__WHAT TO PRODUCE__
Taking the line with "remove wrinkles. |" as the first and the line with "Auf der Hinfahrt" as the last, set down the lines below exactly, pictures excluded.

__RECORDS FOR THE EXERCISE__
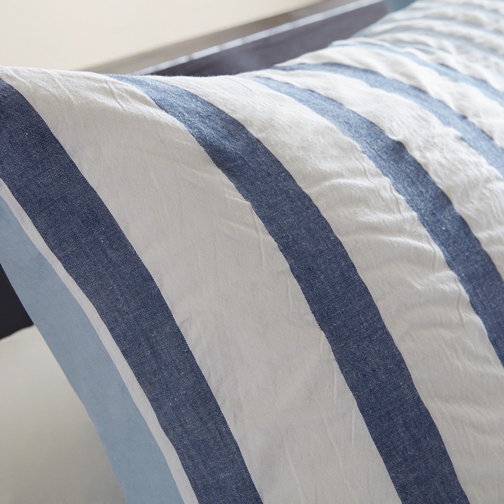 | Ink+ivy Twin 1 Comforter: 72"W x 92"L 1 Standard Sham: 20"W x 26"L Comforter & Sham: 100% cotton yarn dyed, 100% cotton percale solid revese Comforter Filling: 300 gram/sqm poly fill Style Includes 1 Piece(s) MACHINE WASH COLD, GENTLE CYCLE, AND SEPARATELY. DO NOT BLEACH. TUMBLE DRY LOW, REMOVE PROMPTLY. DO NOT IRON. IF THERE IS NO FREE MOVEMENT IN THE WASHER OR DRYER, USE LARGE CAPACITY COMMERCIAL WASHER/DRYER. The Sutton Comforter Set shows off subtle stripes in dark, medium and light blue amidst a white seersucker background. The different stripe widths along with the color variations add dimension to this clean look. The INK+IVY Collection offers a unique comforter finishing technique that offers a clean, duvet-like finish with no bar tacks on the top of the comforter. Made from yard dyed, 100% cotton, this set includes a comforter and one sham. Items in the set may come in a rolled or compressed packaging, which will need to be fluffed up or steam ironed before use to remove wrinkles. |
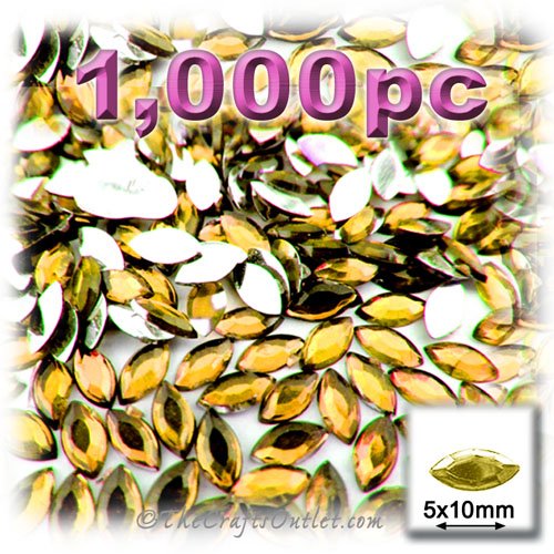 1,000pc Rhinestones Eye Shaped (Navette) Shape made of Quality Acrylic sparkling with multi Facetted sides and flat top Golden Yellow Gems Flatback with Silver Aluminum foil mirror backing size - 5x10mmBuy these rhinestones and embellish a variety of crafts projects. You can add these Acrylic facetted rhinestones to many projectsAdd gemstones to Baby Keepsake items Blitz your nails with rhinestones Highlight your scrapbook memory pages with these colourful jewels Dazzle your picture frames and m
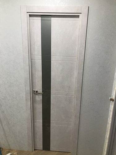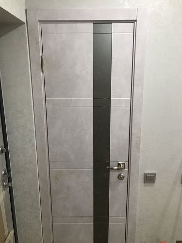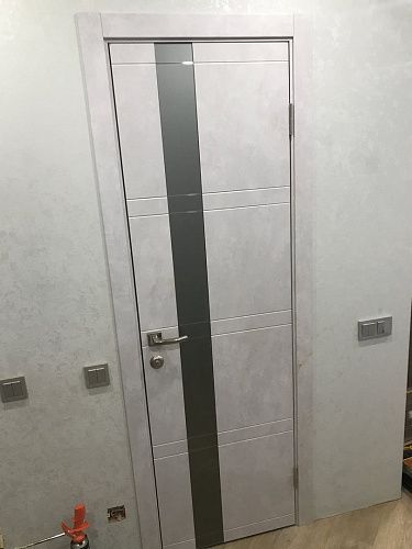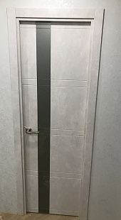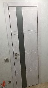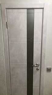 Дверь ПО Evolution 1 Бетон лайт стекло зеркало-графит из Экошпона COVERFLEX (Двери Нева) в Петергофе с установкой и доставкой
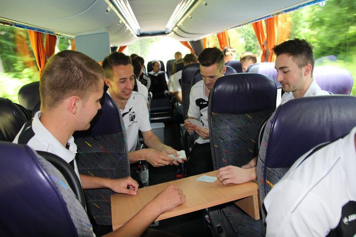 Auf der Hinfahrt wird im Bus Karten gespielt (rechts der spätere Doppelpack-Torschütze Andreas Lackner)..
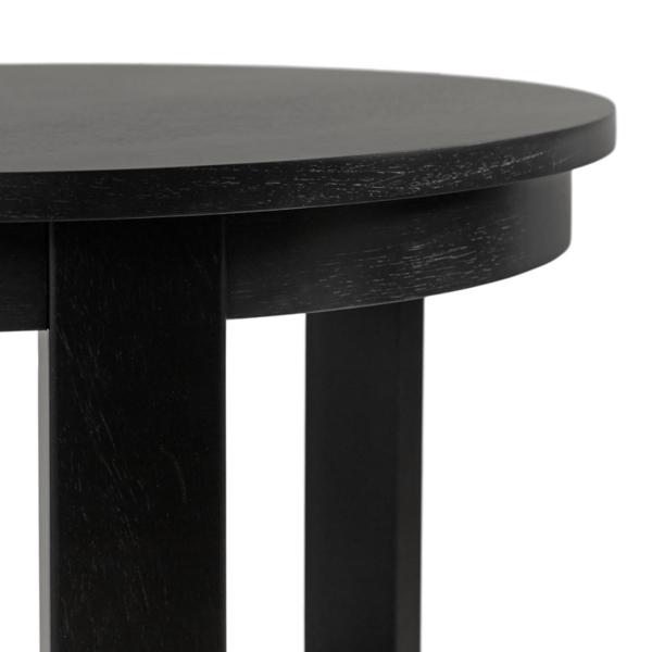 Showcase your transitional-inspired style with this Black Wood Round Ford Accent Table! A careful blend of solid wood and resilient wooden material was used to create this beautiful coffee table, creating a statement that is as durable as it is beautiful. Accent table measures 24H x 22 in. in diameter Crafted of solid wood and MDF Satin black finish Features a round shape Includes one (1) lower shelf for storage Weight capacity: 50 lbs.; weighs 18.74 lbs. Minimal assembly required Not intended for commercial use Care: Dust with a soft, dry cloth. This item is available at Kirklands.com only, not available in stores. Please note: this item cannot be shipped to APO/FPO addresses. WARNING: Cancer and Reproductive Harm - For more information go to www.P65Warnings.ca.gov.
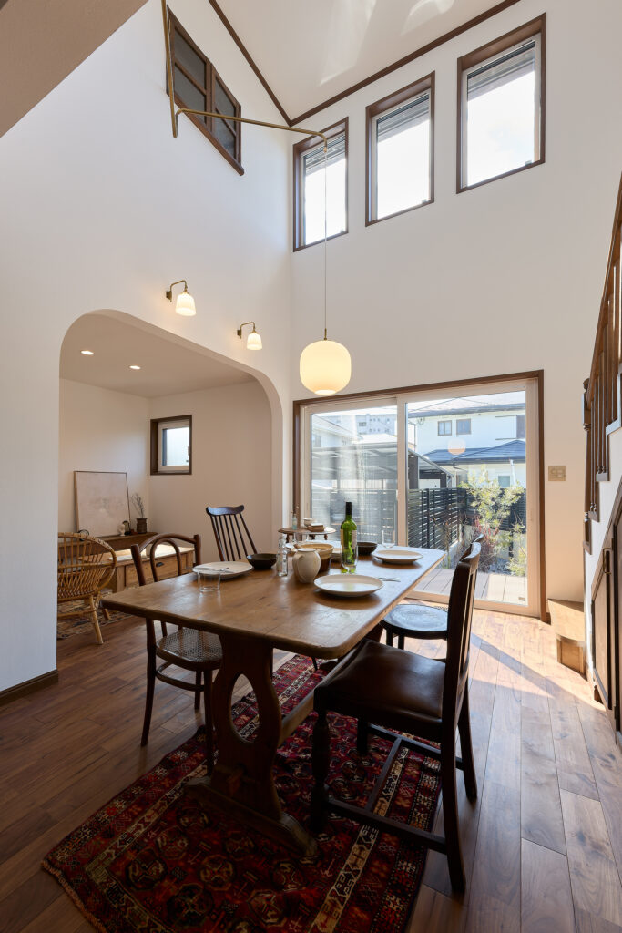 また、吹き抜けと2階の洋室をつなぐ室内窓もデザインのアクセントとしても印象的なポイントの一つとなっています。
--
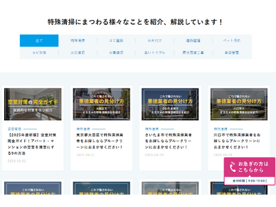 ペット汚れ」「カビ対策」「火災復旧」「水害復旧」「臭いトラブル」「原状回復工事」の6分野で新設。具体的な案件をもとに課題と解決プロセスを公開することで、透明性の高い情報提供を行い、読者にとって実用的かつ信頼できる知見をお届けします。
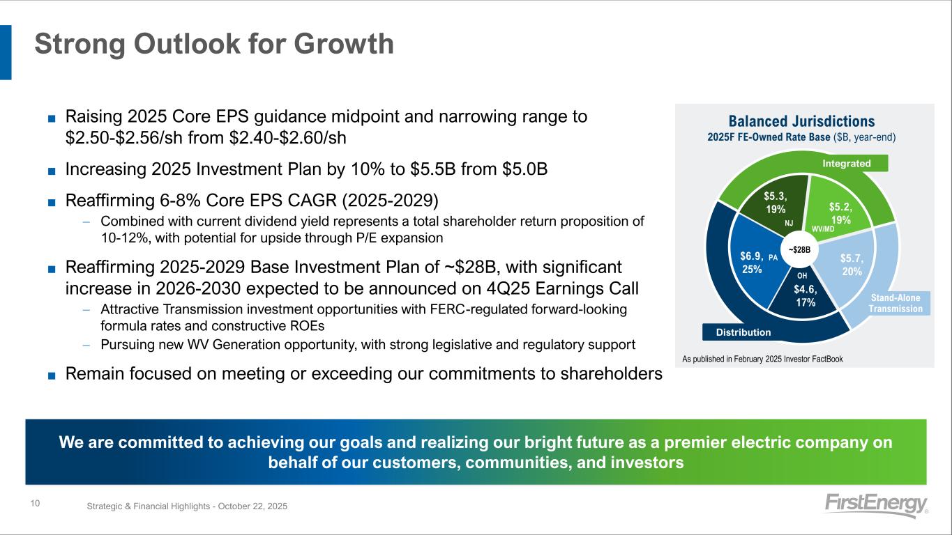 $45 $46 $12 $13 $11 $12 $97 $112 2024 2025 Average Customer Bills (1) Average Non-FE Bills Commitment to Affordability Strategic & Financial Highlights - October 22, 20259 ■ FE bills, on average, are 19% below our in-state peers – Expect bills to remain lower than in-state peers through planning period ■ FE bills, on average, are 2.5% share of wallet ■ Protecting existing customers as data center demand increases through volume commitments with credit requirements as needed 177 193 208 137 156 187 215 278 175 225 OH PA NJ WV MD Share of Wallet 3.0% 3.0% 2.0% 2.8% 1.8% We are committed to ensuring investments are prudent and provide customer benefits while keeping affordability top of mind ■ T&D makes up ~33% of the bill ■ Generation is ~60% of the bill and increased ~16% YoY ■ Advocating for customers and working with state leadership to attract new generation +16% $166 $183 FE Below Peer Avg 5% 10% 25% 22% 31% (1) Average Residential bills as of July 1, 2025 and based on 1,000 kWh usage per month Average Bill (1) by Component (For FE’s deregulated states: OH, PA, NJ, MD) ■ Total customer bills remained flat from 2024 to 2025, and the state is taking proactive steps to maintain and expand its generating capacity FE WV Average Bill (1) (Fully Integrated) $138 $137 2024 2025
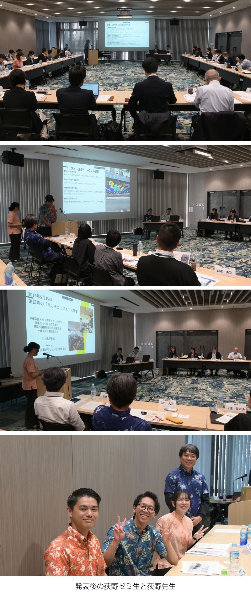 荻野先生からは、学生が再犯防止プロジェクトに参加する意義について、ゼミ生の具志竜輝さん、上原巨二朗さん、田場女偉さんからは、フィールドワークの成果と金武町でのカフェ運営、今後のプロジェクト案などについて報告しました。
---
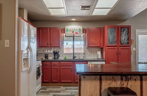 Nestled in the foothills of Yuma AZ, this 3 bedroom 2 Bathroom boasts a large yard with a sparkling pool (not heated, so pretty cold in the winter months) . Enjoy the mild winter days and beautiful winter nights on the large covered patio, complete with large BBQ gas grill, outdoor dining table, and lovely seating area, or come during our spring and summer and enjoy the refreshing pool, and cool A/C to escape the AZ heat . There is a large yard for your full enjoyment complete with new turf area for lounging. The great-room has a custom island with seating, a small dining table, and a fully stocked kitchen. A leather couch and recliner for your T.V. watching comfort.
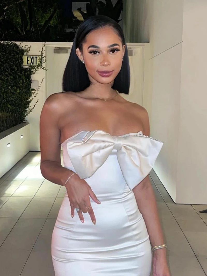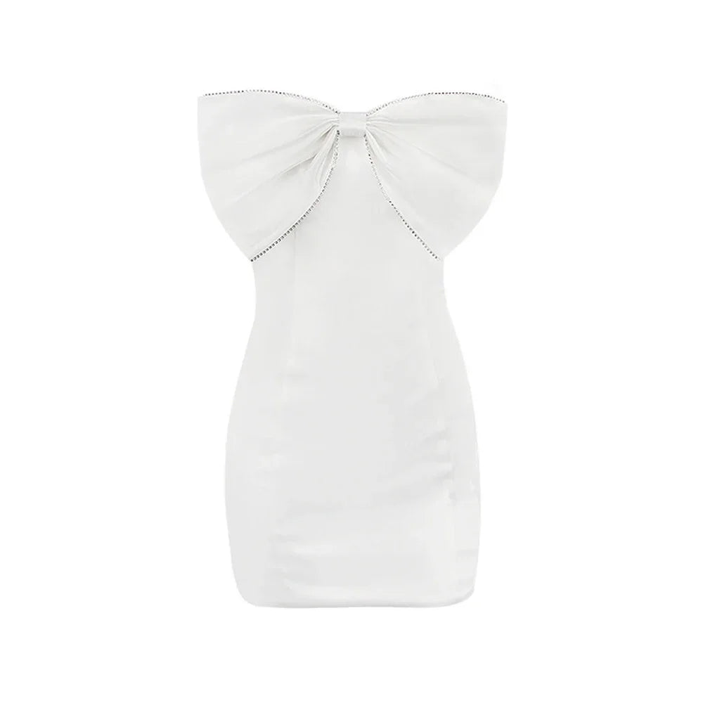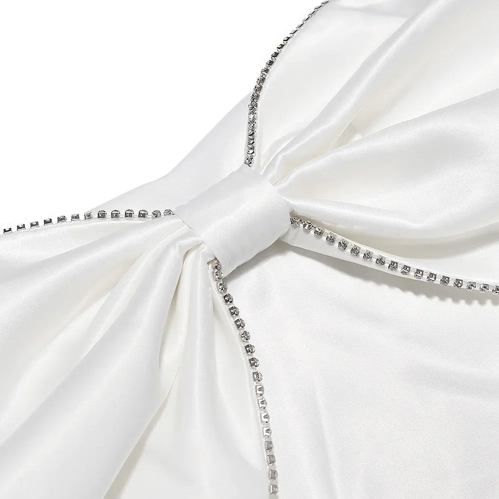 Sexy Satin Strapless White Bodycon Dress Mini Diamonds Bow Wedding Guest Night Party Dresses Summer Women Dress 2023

__SOLUTION FOR THIS EXERCISE__
 | Ink+ivy Twin 1 Comforter: 72"W x 92"L 1 Standard Sham: 20"W x 26"L Comforter & Sham: 100% cotton yarn dyed, 100% cotton percale solid revese Comforter Filling: 300 gram/sqm poly fill Style Includes 1 Piece(s) MACHINE WASH COLD, GENTLE CYCLE, AND SEPARATELY. DO NOT BLEACH. TUMBLE DRY LOW, REMOVE PROMPTLY. DO NOT IRON. IF THERE IS NO FREE MOVEMENT IN THE WASHER OR DRYER, USE LARGE CAPACITY COMMERCIAL WASHER/DRYER. The Sutton Comforter Set shows off subtle stripes in dark, medium and light blue amidst a white seersucker background. The different stripe widths along with the color variations add dimension to this clean look. The INK+IVY Collection offers a unique comforter finishing technique that offers a clean, duvet-like finish with no bar tacks on the top of the comforter. Made from yard dyed, 100% cotton, this set includes a comforter and one sham. Items in the set may come in a rolled or compressed packaging, which will need to be fluffed up or steam ironed before use to remove wrinkles. |
 1,000pc Rhinestones Eye Shaped (Navette) Shape made of Quality Acrylic sparkling with multi Facetted sides and flat top Golden Yellow Gems Flatback with Silver Aluminum foil mirror backing size - 5x10mmBuy these rhinestones and embellish a variety of crafts projects. You can add these Acrylic facetted rhinestones to many projectsAdd gemstones to Baby Keepsake items Blitz your nails with rhinestones Highlight your scrapbook memory pages with these colourful jewels Dazzle your picture frames and m
 Дверь ПО Evolution 1 Бетон лайт стекло зеркало-графит из Экошпона COVERFLEX (Двери Нева) в Петергофе с установкой и доставкой
 Auf der Hinfahrt wird im Bus Karten gespielt (rechts der spätere Doppelpack-Torschütze Andreas Lackner)..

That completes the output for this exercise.